Example of network coding at constrained network.

When a client needs to fetch sensor data from the overlay network, such data can be directly available (original data) or there might be a need to perform the decoding process, using stored encoded data and encoding vectors, in order to extract the original data. This decoding would be accomplished by RELOAD nodes able to provide such decoding service. Figure 3 illustrates a scenario where the decoding service is requested. A fetch request by some client may involve fetching original data and encoded data, which also requires fetching the encoding vectors, so that the highest amount of sensor measurements is returned to the client.

Fig. 3.
figure 3

Decoding at RELOAD/CoAP P2P overlay network.

Since peers face the problem of finding the peers providing the decoding service, the Recursive Distributed Rendezvous (ReDiR) service discovery mechanism can be used [10]. ReDiR ensures that the load is distributed among the nodes providing the service.

4.3.4 CoAP Option

CoAP allows options to be included in a message [2]. Each option instance specifies the option number, length of the option value, and the option value itself. For the proxy to be able to differentiate the type of payload at CoAP packets, which may be of original or encoded type, the CoAP option numbers registry should include an entry referring to encoded data. A CoAP packet carrying encoded data must carry such option.

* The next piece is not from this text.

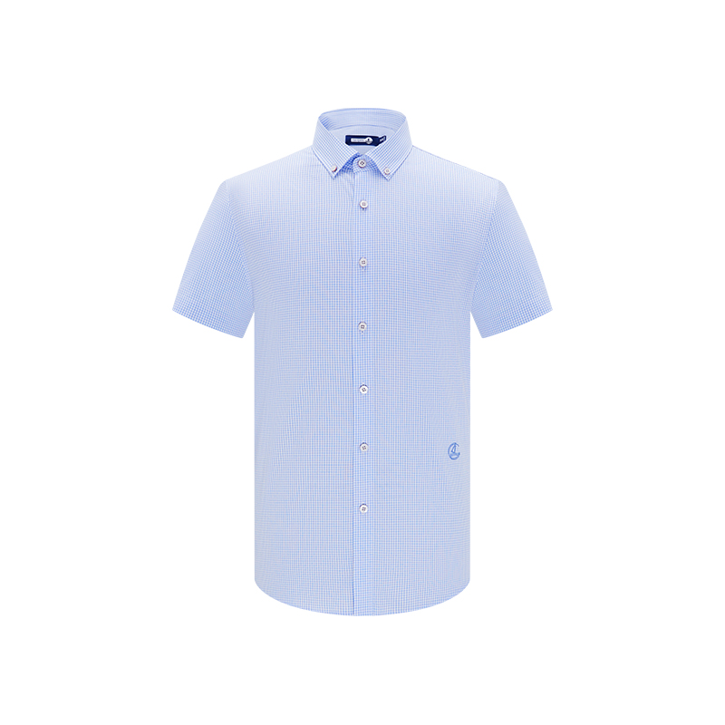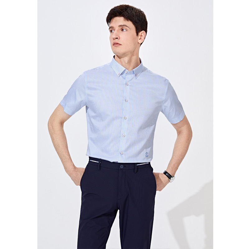 【免烫易打理】Navigare意大利小帆船蓝色衬衫男短袖纯棉格子衬衣
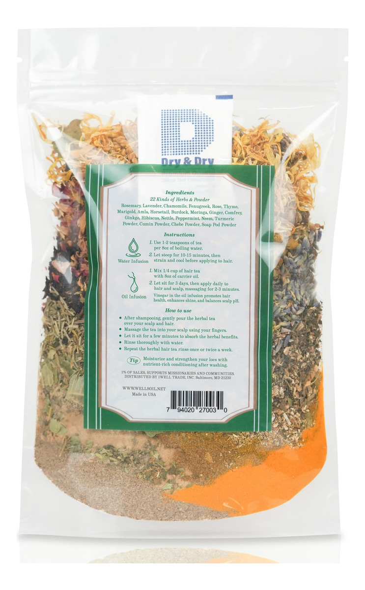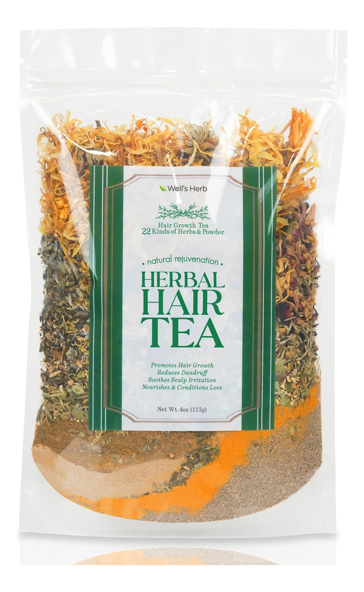 Apresentando o chá de ervas para cabelo Well's Herb 22 Kinds – uma solução natural e revitalizante para nutrir seu cabelo e promover um crescimento saudável! Experimente o poder da natureza com nossa mistura exclusiva de 22 ingredientes fitoterápicos escolhidos a dedo, cuidadosamente selecionados para fornecer nutrientes essenciais ao cabelo e apoiar seu bem-estar geral. O chá de ervas Well's Herb não é apenas mais um produto para o cuidado do cabelo; é uma experiência holística que traz a bondade da natureza diretamente para o couro cabeludo. – Condicionador de cabelo de salão para crescimento luxuoso do cabelo e rejuvenescimento natural: experimente os efeitos rejuvenescedores de nossa mistura de ervas, pois revitaliza o cabelo da raiz às pontas. – Para enxágue com chá de cabelo: use 1 a 2 colheres de chá de chá por 8 onças de água fervente. Deixe em infusão por 10 a 15 minutos, depois coe e esfrie antes de aplicar no cabelo – Para óleo de cabelo: misture 1/4 de xícara de chá com 8 onças de óleo transportador (óleo de coco ou jojoba). Deixe descansar por alguns dias e aplique diariamente no cabelo e no couro cabeludo, massageando por 2 a 3 minutos. – Como usar: Após a lavagem, despeje suavemente o chá de ervas sobre o couro cabeludo e o cabelo. Massageie o chá no couro cabeludo. Deixe descansar por alguns minutos para absorver os benefícios das ervas. Enxágue com água. Repita o enxágue com chá de ervas para cabelo uma ou duas vezes por semana. – 22 ervas e pó essenciais: mistura notável das melhores ervas da natureza, criada para promover o crescimento do cabelo. Alecrim, lavanda, camomila, feno-grego, rosa, tomilho, calêndula, amla, cavalinha, bardana, moringa, gengibre, confrei, ginkgo, hibisco, urtiga, hortelã, bardana, moringa, gengibre, confrei, ginkgo, hibisco, urtiga, hortelã, bardana, moringa, gengibre, confrei, ginkgo, hibisco, urtiga, pimenta, neem, Açafrão em pó, cominho em pó, Chebe em pó, sabonete em pó

5 Conclusions and Future Work

This article discusses how to federate network coding based constrained networks through RELOAD and CoAP Usage. The proposal is for network coding based constrained networks to be able to store encoding vectors and encoded data at the P2P overlay network, which requires an extension of CoAP Usage data Kind. This provides a scalable and efficient way of discovering cached sensor data of geographically dispersed sensor networks, allowing large scale applications to emerge, while taking advantage of network coding at the wireless section. This architecture serves as a basis for future proposal of algorithms that determine the most effective routing trees and placement of coding nodes.